Слова утешения она приняла за издевку. Ее лицо покраснело.
— Вам смешно?
Я пожал плечами.
— Прекрасно, — сказала она. — Не забывайте, что мой сын — несовершеннолетний. Следить за его знакомствами я начну с вас, а вас, представляя его интересы, прошу прекратить с ним какие бы то ни было отношения, вам понятно?
Понятно, сказал я. Наверное, любите Цицеронова, тот тоже вечно представляет интересы людей, которые его об этом не просили. Следующий разговор, сказала она, если в нем возникнет надобность, состоится в суде, вы поняли? Я все понял, сказал я, все понял. До суда еще нужно дожить, а что касается идей… На самом деле мы получаем от своих родных и идеи, которыми живем, и болезни, от которых умираем. Нет, это цитата.
Я бы много умного мог сказать о том, как зарождаются ссоры, и почему это происходит, и каких от этого надлежит ожидать перемен и последствий. Милая откровенность, нежное доверие… И сразу, следом — эти неловкость и стеснение, которые я наблюдал в себе же самом. Прелести дружбы! Когда моим мнением — случайно, по неосторожности или из любопытства — интересовались, я не говорил «отстань». Я не говорил «дура». Я излагал! Я входил в детали, останавливался на частностях, приводил исторические и иные примеры, предрекал, устрашал, апеллировал к здравому смыслу, инстинкту самосохранения и даже отчасти взывал к лучшим чувствам. С таким же успехом я мог бы толковать Кляузевицу о воздержании — но Кляузевиц, по крайней мере, не создавал бы терминологической путаницы.
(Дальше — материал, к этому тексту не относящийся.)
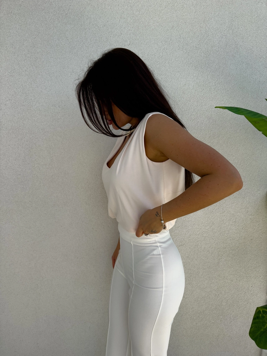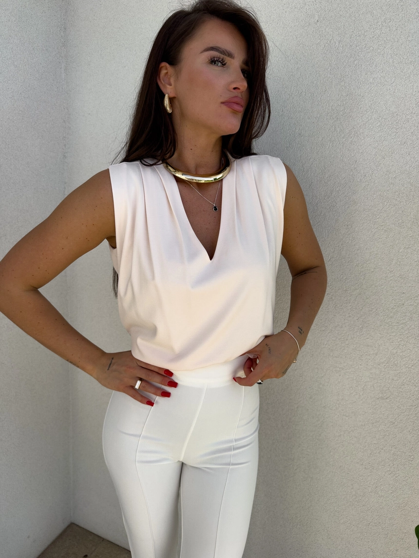 Stylowa bluzka wykonana z podwójnej warstwy przyjemnego w dotyku materiału to idealna propozycja na cieplejsze dni. Klasyczny dekolt w kształcie litery V subtelnie podkreśla szyję i obojczyki, dodając kobiecego uroku. Luźniejszy, delikatnie marszczony przód nadaje sylwetce lekkości i swobody, a brak rękawów sprawia, że model doskonale sprawdzi się zarówno w codziennych, jak i bardziej eleganckich stylizacjach.
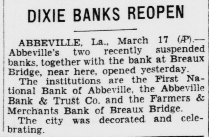 DIXIE BANKS REOPEN ABBEVILLE, La., March 17 (AP).Abbeville's two recently suspended banks, together with the bank at Breaux Bridge, near here, opened yesterday. The institutions are the First National Bank of Abbeville, the Abbeville Bank & Trust Co. and the Farmers & Merchants Bank of Breaux Bridge. The city was decorated and celebrating.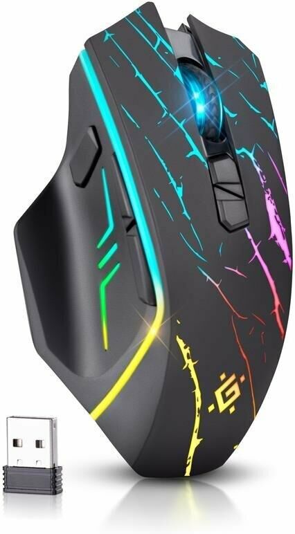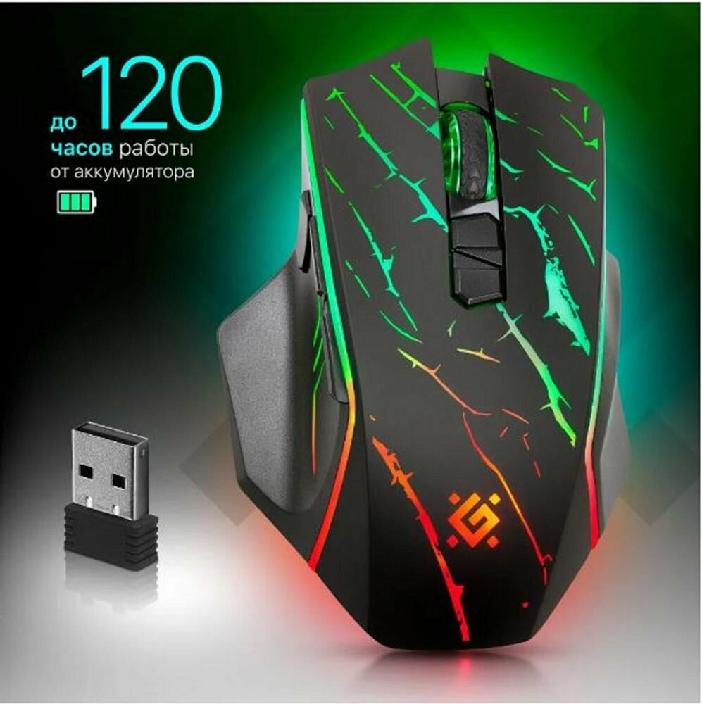 Мышь игровая, беспроводная, интерфейс USB, количество кнопок - 7, колесо прокрутки, емкость аккумулятора - 400 мА·ч, изменяемое разрешение 1200 / 2400 / 3200 dpi, Windows 2000/XP/Vista/7/8/10, Mac OS X10, радиус действия -до 10 м.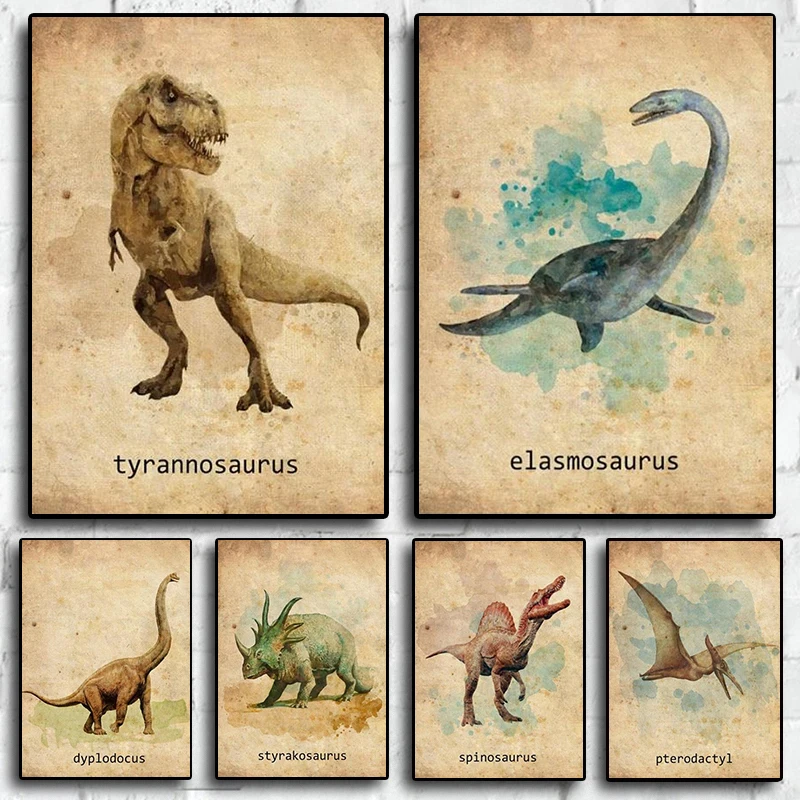 Dinosaur Pterosaur Triceratops Animal Retro Art Canvas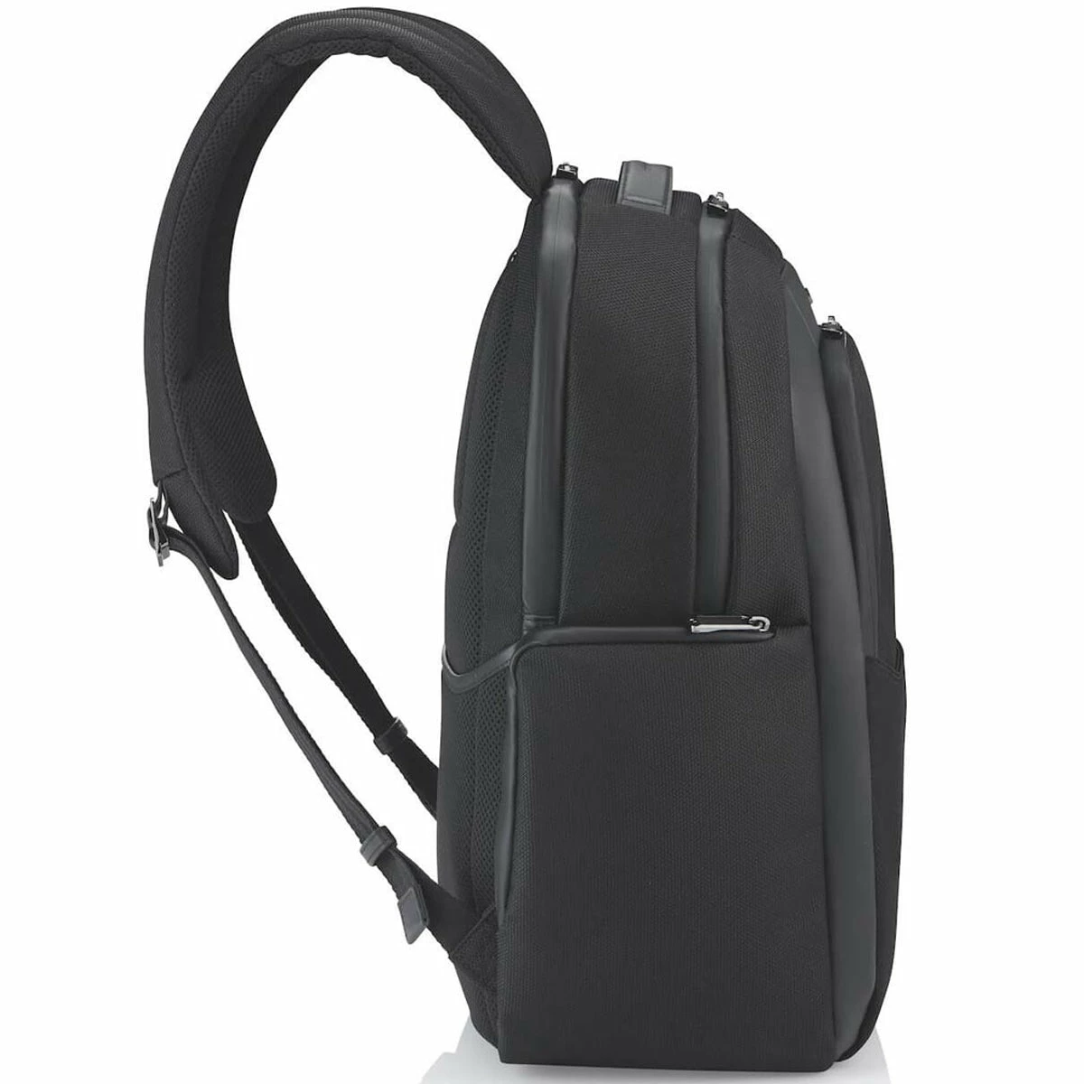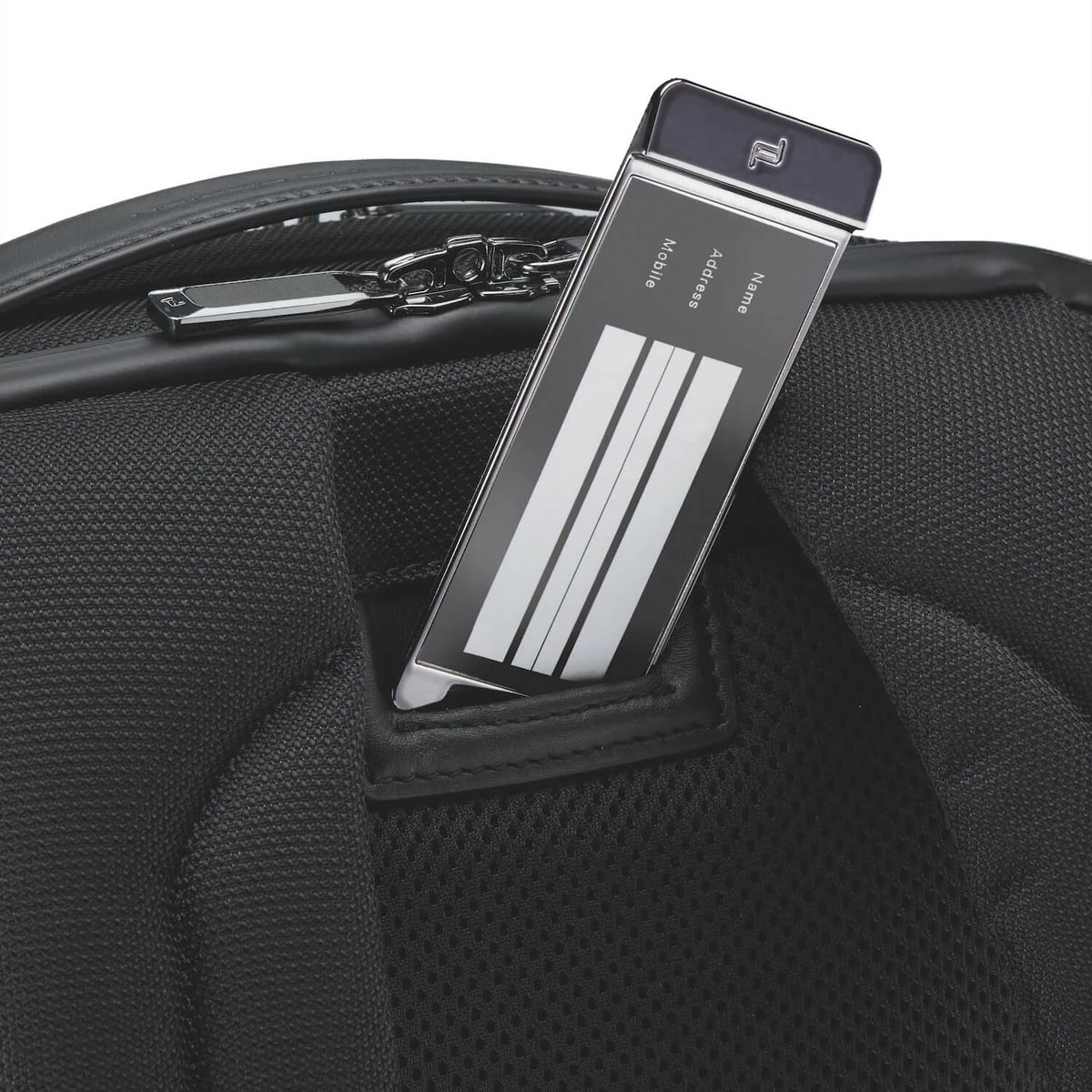 The combination of structured water-repellent nylon and significant smooth leather details does not just make the Porsche Design Roadster Nylon Backpack L an optical highlight – the modern business backpack is also the perfect choice for a daily commute. The 16″” laptop compartment behind the big main compartment can be opened up completely during check-in. Everything else you need fits perfectly in the separate front compartment with a business organizer, the additional front pocket and the zipper side pockets. Valuables such as keys can be stored in the pocket hidden in the trolley link. A padded backside and soft, padded shoulder straps ensure that the backpack can be worn comfortably despite its generous volume.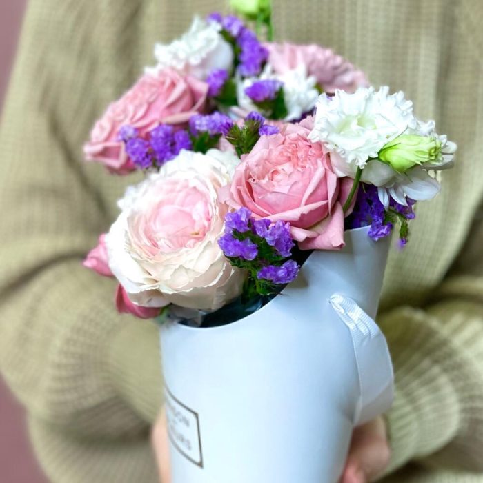 “В твоих глазах”: нежная шляпная коробка с французскими розами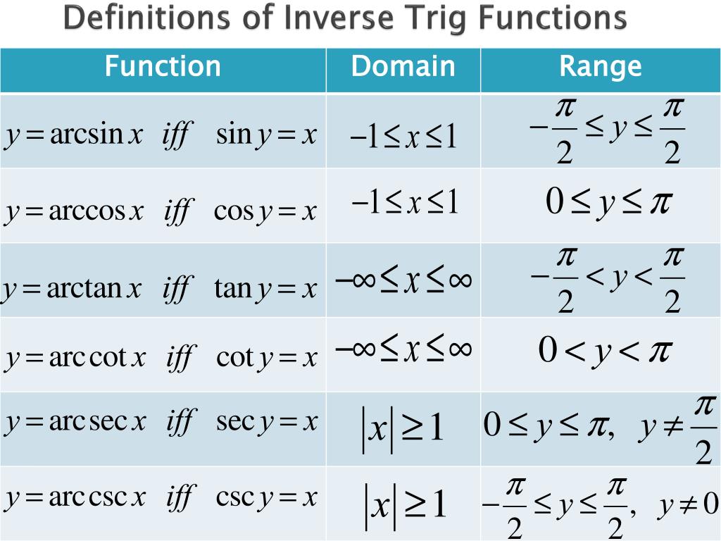 Properties of Inverse Trig Functions If -1 < x < 1 and –π/2 < y < π/2 then sin(arcsinx) = x and arcsin(siny) = y If –π/2 < y < π/2, then tan(arctanx) = x and arctan(tany) = y If |x| > 1 and 0 < y < π/2 or π/2 < y < π, then Sec(arcsecx) = x and arcsec(secy) = y. Similar properties hold for other inverse trig functions.

Крис, конечно, была ребенком — упрямым, обидчивым и наивным, — но ребенком очень целеустремленным. Она бросила школу, чтобы жить своей жизнью, и маму с папой, чтобы делать революцию, и я уже подробно представлял, как в один прекрасный день она бросит меня, чтобы осчастливить весь мир. Я всегда завидовал этому славному свойству: не слышать, не понимать, переть напролом, игнорируя дорогу, — но то, что этим славным свойством и столь щедро наделен человек, который спал рядом со мной, вызывало уже не зависть, а страх. Нет ничего хуже, чем искренний человек в ежедневном быту, особенно когда этот человек делает, подручными средствами, революцию. Но если бы Крис делала более мирную карьеру? Никакой разницы. Я слушал бы не о Желябове, а о перераспределении финансовых потоков и — при полной смене слов — испытывал бы то же гнетущее чувство прилагаемого лично ко мне террора. Понимаешь? говорил я. Нет. Ну, как хочешь.
Наконец я стал говорить и «отстань», и «дура», но было слишком поздно. Чем грубее я становился, тем больше ее жалел, и чем мягче был я — тем безжалостнее она. Когда я поднялся на последние вершины ужаса и сострадания, мне сильнее всего захотелось выгнать Крис вон, или чтобы она исчезла, или умерла, и мне становилось больно при одной мысли, что чего-то подобного может хотеться и ей. Потом, у нас же совсем не было денег. Мы жили в абсолютной нищете, на доброхотные подачки и продажу книг. Я мог желать Крис смерти, но не мог допустить, чтобы она голодала, хотя бы и в моем воображении. Ее большой стиль не позволил бы ей вместо обеда покупать пиво и сигареты, а обедать идти к знакомым. Ну и еще, конечно, я ревновал.
Выживаемый из собственного дома, я метался по городу, как тигр по клетке. Я затусовался с людьми, от которых раньше шарахался, по сравнению с которыми люди из моей прошлой жизни — Кока, Женя Арндт — были титанами Возрождения. Я сам не заметил, как опустился, а опустившись, смог утешать себя только тем, что эти позорящие связи не приносят мне никакой выгоды. В развлечениях подобного рода прошел февраль.
На исходе этого гнусного месяца, когда казалось, что нет не только сил дожить до первого светлого вечера, но и желания такой вечер увидеть, я встретился с титаном Женей.
Я сидел в «Мегере» и, предварительно накурившись со знакомым торчком, который забрел сюда по старой памяти, ковырял в носу — позвольте мне такой образ. Было холодно, но душно; над стайкой в углу шелестел о чем-то своем телевизор. Троцкисты озабоченно сновали по зальчику и расплывались у меня в глазах. Потом из тумана выплыл товарищ Арндт. Я вяло повел рукой. Вместо того, чтобы прибавить шагу, он кивнул и остановился. Здравствуйте, Евгений, пролепетал я, борясь с нерегулируемым звуком своего голоса и изумлением. Желаете присесть?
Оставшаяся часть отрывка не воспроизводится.